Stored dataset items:
------------------------------------------------------------
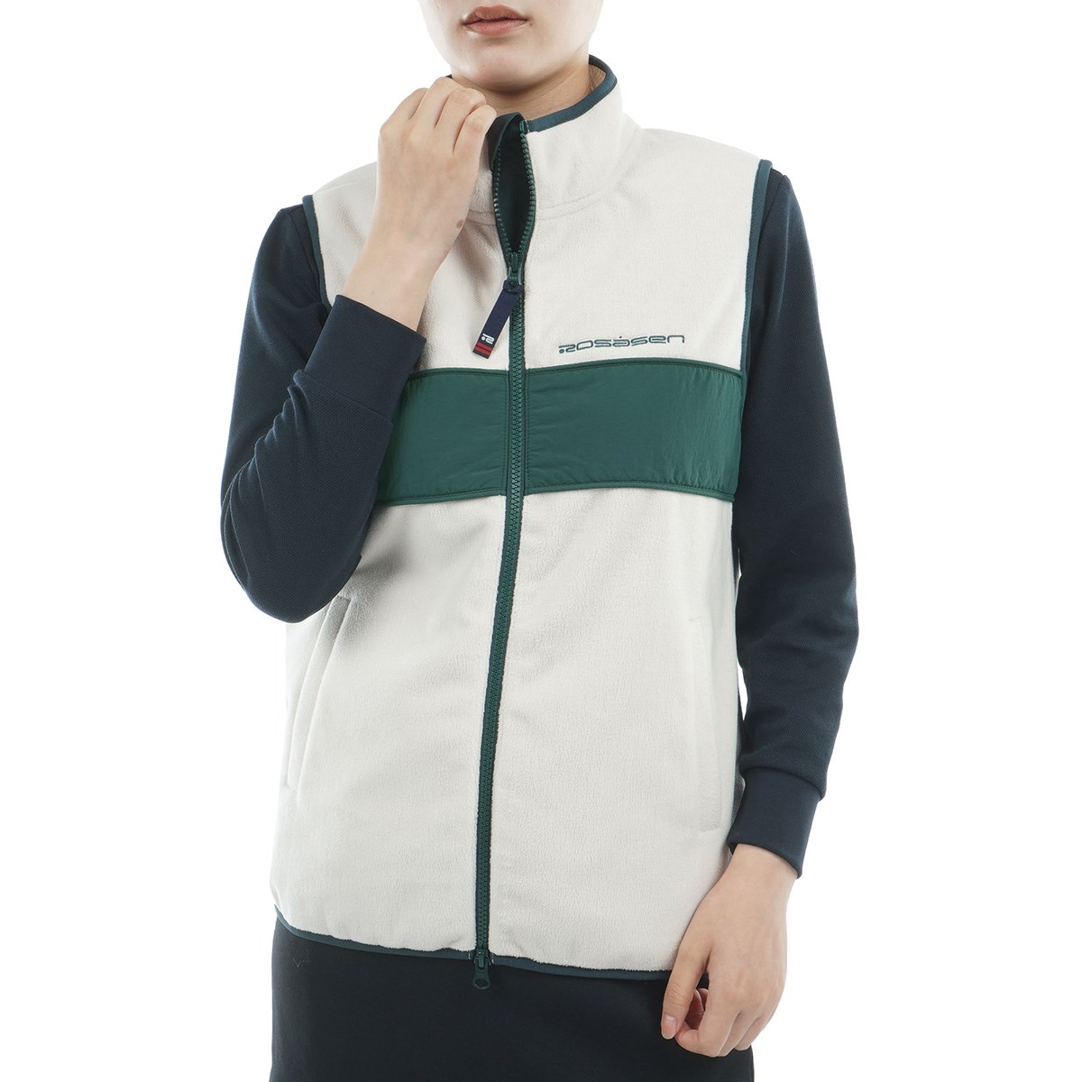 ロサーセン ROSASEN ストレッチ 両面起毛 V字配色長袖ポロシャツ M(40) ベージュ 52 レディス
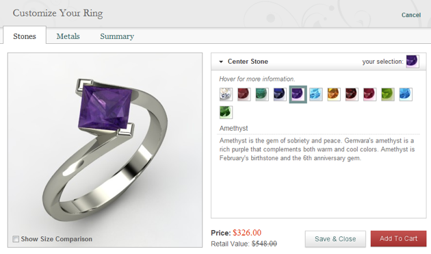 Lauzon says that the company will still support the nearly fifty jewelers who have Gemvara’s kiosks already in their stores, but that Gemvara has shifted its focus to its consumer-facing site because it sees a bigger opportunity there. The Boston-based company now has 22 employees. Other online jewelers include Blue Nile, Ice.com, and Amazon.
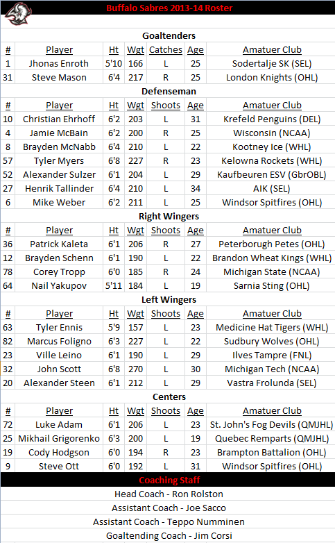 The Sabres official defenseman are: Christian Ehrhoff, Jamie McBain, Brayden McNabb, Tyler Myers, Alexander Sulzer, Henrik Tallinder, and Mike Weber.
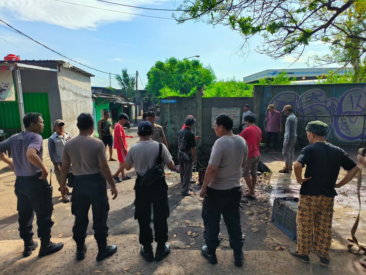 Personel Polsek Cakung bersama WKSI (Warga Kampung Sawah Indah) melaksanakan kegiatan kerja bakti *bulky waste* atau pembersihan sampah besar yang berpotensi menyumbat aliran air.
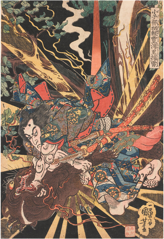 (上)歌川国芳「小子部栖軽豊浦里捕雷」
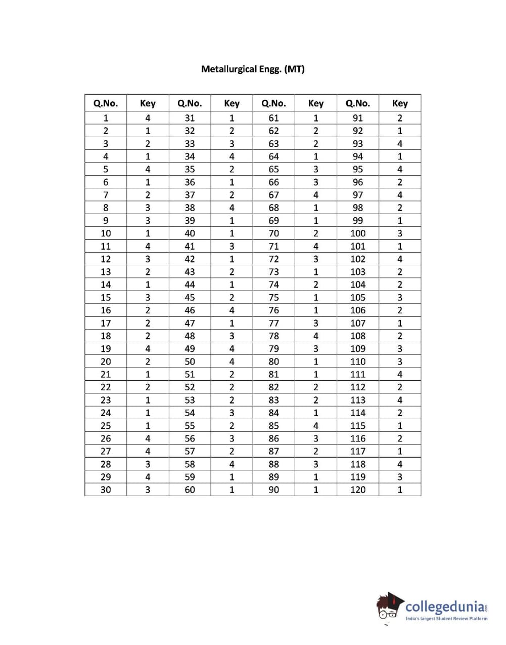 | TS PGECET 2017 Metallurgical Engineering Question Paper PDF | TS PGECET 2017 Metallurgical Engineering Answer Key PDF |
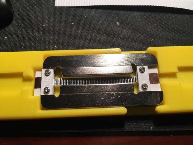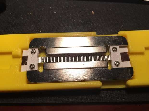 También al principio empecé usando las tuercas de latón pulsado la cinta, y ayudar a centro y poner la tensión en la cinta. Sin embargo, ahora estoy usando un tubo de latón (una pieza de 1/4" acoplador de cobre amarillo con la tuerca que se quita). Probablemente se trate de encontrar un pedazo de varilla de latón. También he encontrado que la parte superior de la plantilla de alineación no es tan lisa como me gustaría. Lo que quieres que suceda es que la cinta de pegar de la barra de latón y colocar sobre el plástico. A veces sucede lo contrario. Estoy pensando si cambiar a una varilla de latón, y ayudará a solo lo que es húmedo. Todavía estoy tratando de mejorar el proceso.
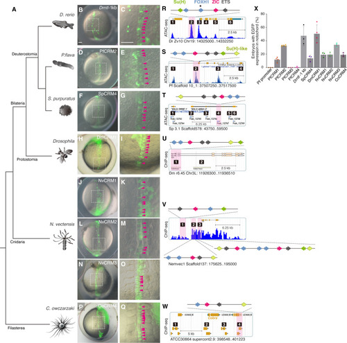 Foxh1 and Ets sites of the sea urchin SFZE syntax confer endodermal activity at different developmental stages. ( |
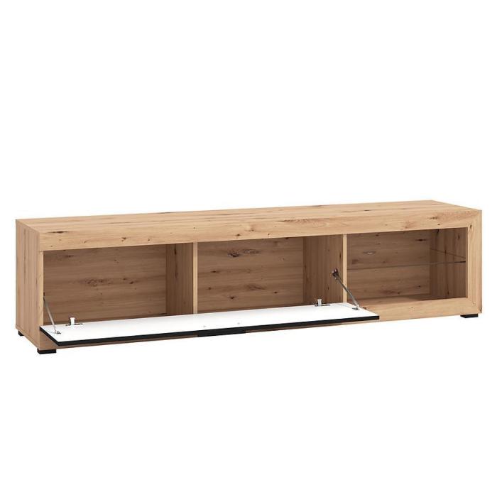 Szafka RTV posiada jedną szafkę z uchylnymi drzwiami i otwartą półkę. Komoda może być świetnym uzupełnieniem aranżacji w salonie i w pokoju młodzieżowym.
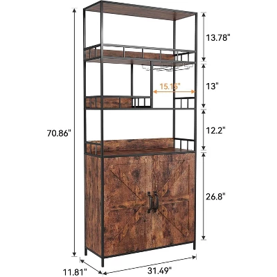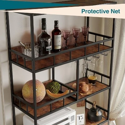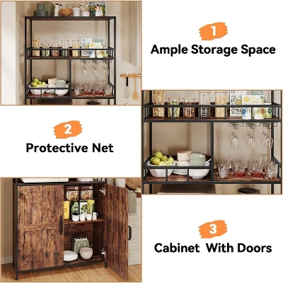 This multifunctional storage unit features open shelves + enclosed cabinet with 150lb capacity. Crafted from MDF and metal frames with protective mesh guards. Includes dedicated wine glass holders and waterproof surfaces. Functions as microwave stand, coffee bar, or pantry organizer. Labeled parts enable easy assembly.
------------------------------------------------------------
REQUIRED ACTION: Give the lines exactly, from the first line of the entries to the line with "(上)歌川国芳「小子部栖軽豊浦里捕雷」", both ends included. Skip the pictures.

EXERCISE RESULT:
 ロサーセン ROSASEN ストレッチ 両面起毛 V字配色長袖ポロシャツ M(40) ベージュ 52 レディス
 Lauzon says that the company will still support the nearly fifty jewelers who have Gemvara’s kiosks already in their stores, but that Gemvara has shifted its focus to its consumer-facing site because it sees a bigger opportunity there. The Boston-based company now has 22 employees. Other online jewelers include Blue Nile, Ice.com, and Amazon.
 The Sabres official defenseman are: Christian Ehrhoff, Jamie McBain, Brayden McNabb, Tyler Myers, Alexander Sulzer, Henrik Tallinder, and Mike Weber.
 Personel Polsek Cakung bersama WKSI (Warga Kampung Sawah Indah) melaksanakan kegiatan kerja bakti *bulky waste* atau pembersihan sampah besar yang berpotensi menyumbat aliran air.
 (上)歌川国芳「小子部栖軽豊浦里捕雷」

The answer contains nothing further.